O GOVERNO federal tem um certo compromisso com os assim chamados movimentos sociais, no sentido de modificar os índices de produtividade agrícola.
É preciso entender bem esse tema. Os índices de produtividade foram criados nos anos 60 e tinham por objetivo forçar os produtores rurais a investir em tecnologia, para produzir mais por área. Com isso, a idéia era acabar a especulação com a terra, bem como levar ao cumprimento da função social da propriedade rural, que era gerar empregos e renda para o país de forma sustentada.
E, por trás desses objetivos, havia um outro: as terras que não atingissem o índice mínimo de produtividade, independentemente do cultivo ou da região onde estivessem, ficariam sujeitas a desapropriação para fins de reforma agrária. Embora discutível, havia um sentido nisso tudo: o setor rural não era homogêneo e havia segmentos extremamente atrasados e incapazes de competir: estimular a produtividade poderia ser um mecanismo interessante para mudar essa realidade.
Por outro lado, a inflação alta também inibia a eficiência, porque os custos de produção eram "comidos" por ela, de modo que não havia exposição dos produtores incapazes.
Mas isso tudo acabou. Os sucessivos planos de estabilização da economia produziram resultados brutais na agricultura: correções de preços, de dívidas rurais com índices diferentes no Plano Collor e o descasamento do Plano Real acabaram levando a uma tríplice colisão na primeira metade dos anos 90: estabilização interna da moeda, abertura comercial indiscriminada e falência das políticas públicas para o setor.
Isso gerou duas ondas simultâneas no campo: uma de conclusão e outra de competitividade. Aqueles produtores -especialmente os pequenos- que por diversas razões não conseguiram avançar foram excluídos da atividade. E os remanescentes tiveram que investir em tecnologia e em gestão para sobreviver. Com isso, o agronegócio brasileiro hoje é extremamente eficiente e competitivo, a produtividade aumentou espetacularmente e os índices ficaram desatualizados. Mas, então, por que corrigi-los agora? Por que aumentá-los? Só para ampliar o número de hectares para reforma agrária? Por que só no campo se exige uma produtividade mínima?
Indústria tem índice de produtividade? Loja tem? Restaurante, bares, cinemas, farmácias, fábrica de autopeças, de roupas, de alimentos, têm? Bancos têm?
Não, claro que não! Porque, se não são eficientes e competitivos, não agüentam a concorrência e quebram. Ora, isso também acontece no moderno agronegócio brasileiro.

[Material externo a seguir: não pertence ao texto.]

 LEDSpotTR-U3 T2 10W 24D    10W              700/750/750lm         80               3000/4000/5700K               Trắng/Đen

Acabou o tempo em que comprar terra era bom investimento. Hoje, o produtor rural que não for competitivo também quebra. Também é excluído. Com a inflação dominada, não tem mais ineficiência escondida. Agora está tudo às claras: ou é bom ou cai fora.

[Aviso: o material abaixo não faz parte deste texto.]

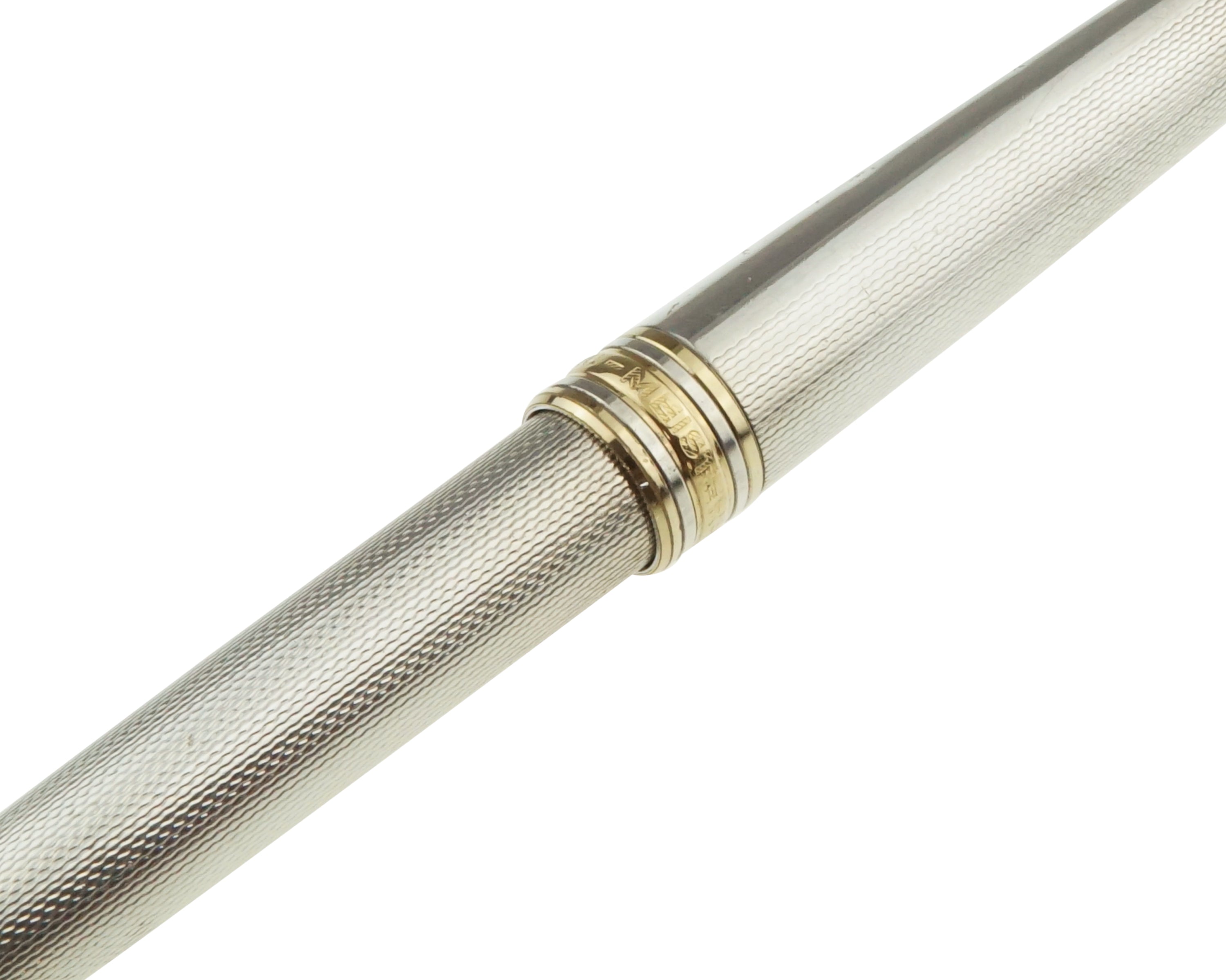 Dieses Schreibgerät fasziniert durch seine edle Fertigung aus massivem 925er Sterling-Silber. Die vergoldeten Details, darunter der Clip und die Beschläge, setzen luxuriöse Akzente. Ein besonderes optisches und haptisches Highlight bildet die feine Korn-Guilloche, deren filigranes Muster die Oberfläche veredelt und dem Schreiber einen unverwechselbaren Charakter verleiht.

Por essas razões, não há sentido mais em estabelecer índices de produtividade para desapropriar terras para reforma agrária: o mercado desapropria, por si só. E, além disso, seria uma injustiça: afinal, os agricultores investiram em tecnologia, e, com isso, a produtividade cresceu.
Aumentar os índices seria um castigo para quem investiu e melhorou as coisas para o país.
Não se discute se a reforma agrária é necessária ou não. Mas forçar a barra para arranjar mais terra para isso não parece lógico. Afinal, qual a garantia de que os novos proprietários serão mais produtivos?


ROBERTO RODRIGUES, 64, coordenador do Centro de Agronegócio da FGV, presidente do Conselho Superior do Agronegócio da Fiesp e professor do Departamento de Economia Rural da Unesp - Jaboticabal, foi ministro da Agricultura. Escreve aos sábados, a cada 15 dias, nesta coluna.